Bu, Çin'in sarsılmayacağı anlamına gelmiyor. Trump ve çevresinin hesaplarına göre Çin'in ABD'ye ihtiyacı var. Trump'ın sürekli atıfta bulunduğu bu devasa ticaret dengesizliği olmadan, Çin'in ihracatı için buna denk bir pazar yok. Şi ve çalışma arkadaşlarının, ülkelerinin hızla artan refahı, nüfusunu beslemesi ve aynı zamanda şişen orta sınıfın servetindeki artışı körüklemesi için ABD'ye bel bağladığını düşünüyorlar.

Ticaret söz konusu olduğunda, ABD-Çin mücadelesi yeni bir mesele değil. Hatta Trump ilk döneminde ikisi arasındaki eşitsizliğin üstesinden gelmeye çalıştı. Çin, dış ticareti teşvik etmeyi sürdürürken iç tüketimi ve kendi kendine yetmeyi artırma anlamına gelen "ikili dolaşım" veya "yeni kalkınma modeliyle" yanıt verdi.

Trump ikinci kez şansını deniyor. Ancak daha az odaklanmış bir şekilde, üç hedefi tek bir saldırıya dönüştürüyor: Federal geliri artırmak, Kanada ve Meksika gibi ülkeleri uyuşturucu tedariki gibi finansal olmayan nedenlerle cezalandırmak ve daha eşit bir ticaret dengesi sağlamak. Bu, üç danışman grubunu içeriyordu ve bir karmaşa reçetesi oluşturdu.

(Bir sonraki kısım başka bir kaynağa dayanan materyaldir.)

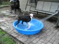 • Personality Quirks Willow will get totally airborne to catch a Frisbee in the air or catch a bouncing ball. She will also chase and bite at the water streaming from a garden hose.
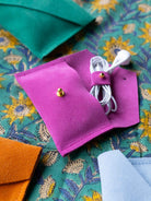 Each suede pouch is carefully crafted using high quality suede. Each one is finished with a minimalist stud to fasten and keep the contents safe. Choose from a silver or gold stud.

Aynı zamanda ekonomiyi siyasetle harmanlamaya çalıştı ve tarifeler söz konusu olduğunda ikisi birbiriyle kaynaşmıyor. Ekonomistlere her zaman tarifelerin kötü bir fikir olduğu, dayatılmaması ve bunlara cevap verilmemesi gerektiği öğretilir. Ancak Trump, Amerika'nın siyasi onayını aldığına ve çoğu Amerikalının kendisini destekleyeceğine inanıyor.

Trump bu hamlenin yaklaştığının sinyalini defalarca verdi. Çinliler hazırlık yapabilmiştir. Trump ilk salvoyu yaptığına göre, Amerika'nın üç hedefi vurmak için bir füze ateşlemeye çalışmasını izleyebilirler.

Trump, Çin'in ticaret fazlasına odaklanırken, ABD yönetiminin kendilerine önemli miktarda borçlu olmasından kaynaklanan kilit bir karta sahip olduklarının bilincindeki Çin, öncesinde Trump'ı ikinci bir devlet ziyaretine davet ederek muhtemelen eldeki tek kartını oynayan Birleşik Krallık'ın aksine, metanetini koruyup güvende kalabilir.

Çin, Amerikan dolarlarını doğrudan elden çıkarmasa da sertliğini başka yollarla ifade edebilir: ABD yatırımlarını yavaşlatarak, daha az yatırım yaparak ve sermayeyi başka yerlere yönlendirerek. Çin'in elindeki bir diğer güvence de üretimdeki küresel hakimiyetinin Amerika'nın finansal hizmetler ve yapay zekadaki hegemonyasıyla eşleşmesi. Dağınık ABD yaklaşımının artırdığı bölünmeden de faydalanabilirler. Avrupa, Pekin'e yaklaşmaya hazırlanma işaretlerini halihazırda gösteriyor.

Her iki süpergücün de canı yanacaktır, bunu yapmayacak kadar birbirlerine bağımlılar. Ancak ABD'nin yüksekten atmasını da bir zafer olasılığı gibi yorumlamak da bir hata olabilir. Bir uzlaşma sağlamak zorundalar. Bunun her iki lidere de itibar kaybettirmeden başarılması kritik önemde.

Trump ne söylerse söylesin ve Şi de ne söylemezse söylemesin, rekabetlerinin nereye varacağı neredeyse kesin.